STORED DATA below:

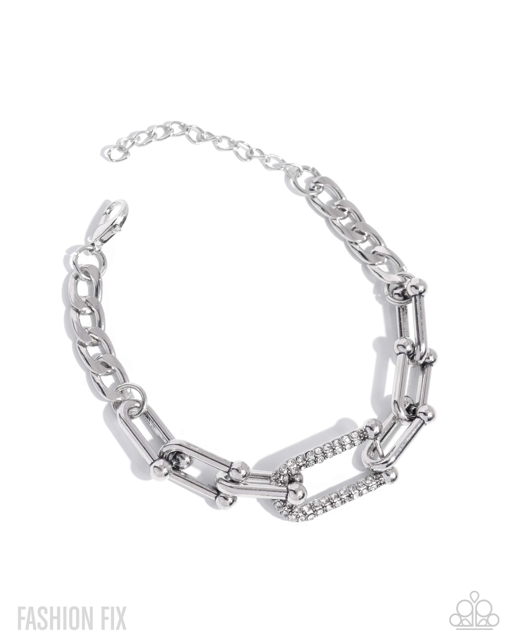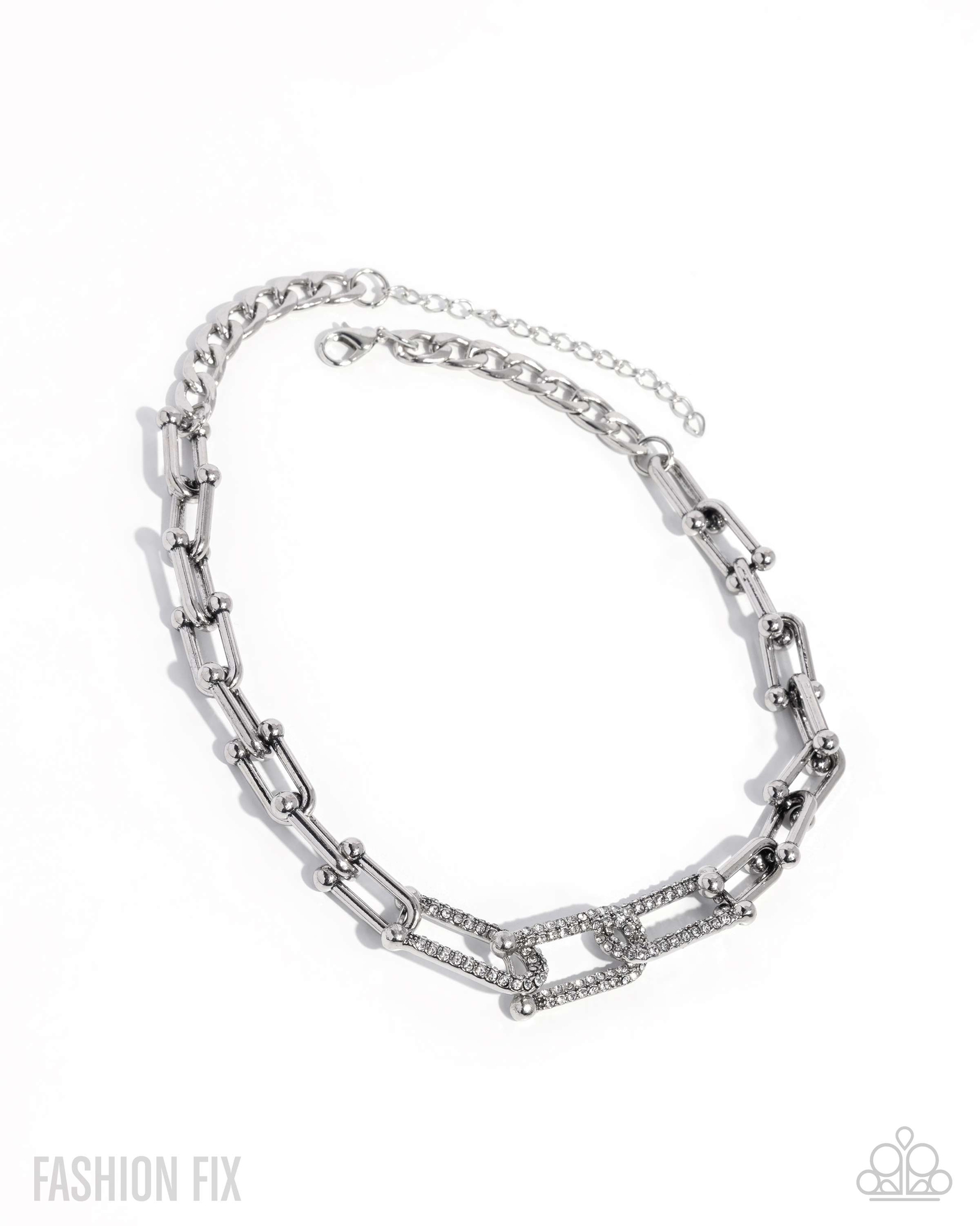 Gradually increasing in size, a shiny silver curb chain elongates into silver chain links looping around the neckline. Three of the larger shiny silver links are embellished with glistening white rhinestones for an understated shimmery finish. Features an adjustable clasp closure.
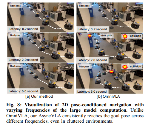 - 随着延迟升高,OmniVLA 性能快速崩塌,频繁碰撞、偏离路径。
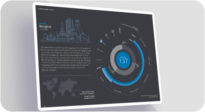 A tale of 44 cities | Bangkok S e l f e v a u l a t i o n o f t H h e u h b u b i i n n d i s c i High Ran x a t k o NEW HUB e y r s a r e a Bangkok s Hub profile k M a dr i M d G il o a v n e r n m e G n l o b a l F i t C n e s Digital Ventures n t r B e u a 3 p n 9 gkok p Dream Office (C-Asean) o r Dtac Accelerate t Krungsri Rise The Thai FinTech ecosystem is growing rapidly. In 2016, the number of B FinTech startups doubled from around 40 to almost 90. Bangkok, which udapest is at the centre of Thailand’s economy and financial industry, is driving In FinTech development in Thailand. Most major banks have launched n INDEX SCORE o v their own corporate VCs, innovation labs and accelerator programs for a t Moscow i o FinTech startups. In Thailand, regulators (the Securities and Exchange c n Commission and the Bank of Thailand in particular) play an active role 137 utlu 64uBoD er in growing the FinTech ecosystem. For example, the SEC launched n enisgni a FinTech competition to promote and support new ideas of k oitav ss financial innovation. Low Ran onnI laboxednI25 lG tise Re per gula o ex tion ty t imi rox P For mers Hub representative eign st o custo Thai Fintech Association artups Proximity t Acting President Jessada Sookdhis Source: Global FinTech Hubs Federation Produced by Deloitte 28

End of STORED DATA.

## EXERCISE PROMPT
Retype each line above exactly and leave out any picture.

## WRITTEN RESPONSE
 Gradually increasing in size, a shiny silver curb chain elongates into silver chain links looping around the neckline. Three of the larger shiny silver links are embellished with glistening white rhinestones for an understated shimmery finish. Features an adjustable clasp closure.
 - 随着延迟升高,OmniVLA 性能快速崩塌,频繁碰撞、偏离路径。
 A tale of 44 cities | Bangkok S e l f e v a u l a t i o n o f t H h e u h b u b i i n n d i s c i High Ran x a t k o NEW HUB e y r s a r e a Bangkok s Hub profile k M a dr i M d G il o a v n e r n m e G n l o b a l F i t C n e s Digital Ventures n t r B e u a 3 p n 9 gkok p Dream Office (C-Asean) o r Dtac Accelerate t Krungsri Rise The Thai FinTech ecosystem is growing rapidly. In 2016, the number of B FinTech startups doubled from around 40 to almost 90. Bangkok, which udapest is at the centre of Thailand’s economy and financial industry, is driving In FinTech development in Thailand. Most major banks have launched n INDEX SCORE o v their own corporate VCs, innovation labs and accelerator programs for a t Moscow i o FinTech startups. In Thailand, regulators (the Securities and Exchange c n Commission and the Bank of Thailand in particular) play an active role 137 utlu 64uBoD er in growing the FinTech ecosystem. For example, the SEC launched n enisgni a FinTech competition to promote and support new ideas of k oitav ss financial innovation. Low Ran onnI laboxednI25 lG tise Re per gula o ex tion ty t imi rox P For mers Hub representative eign st o custo Thai Fintech Association artups Proximity t Acting President Jessada Sookdhis Source: Global FinTech Hubs Federation Produced by Deloitte 28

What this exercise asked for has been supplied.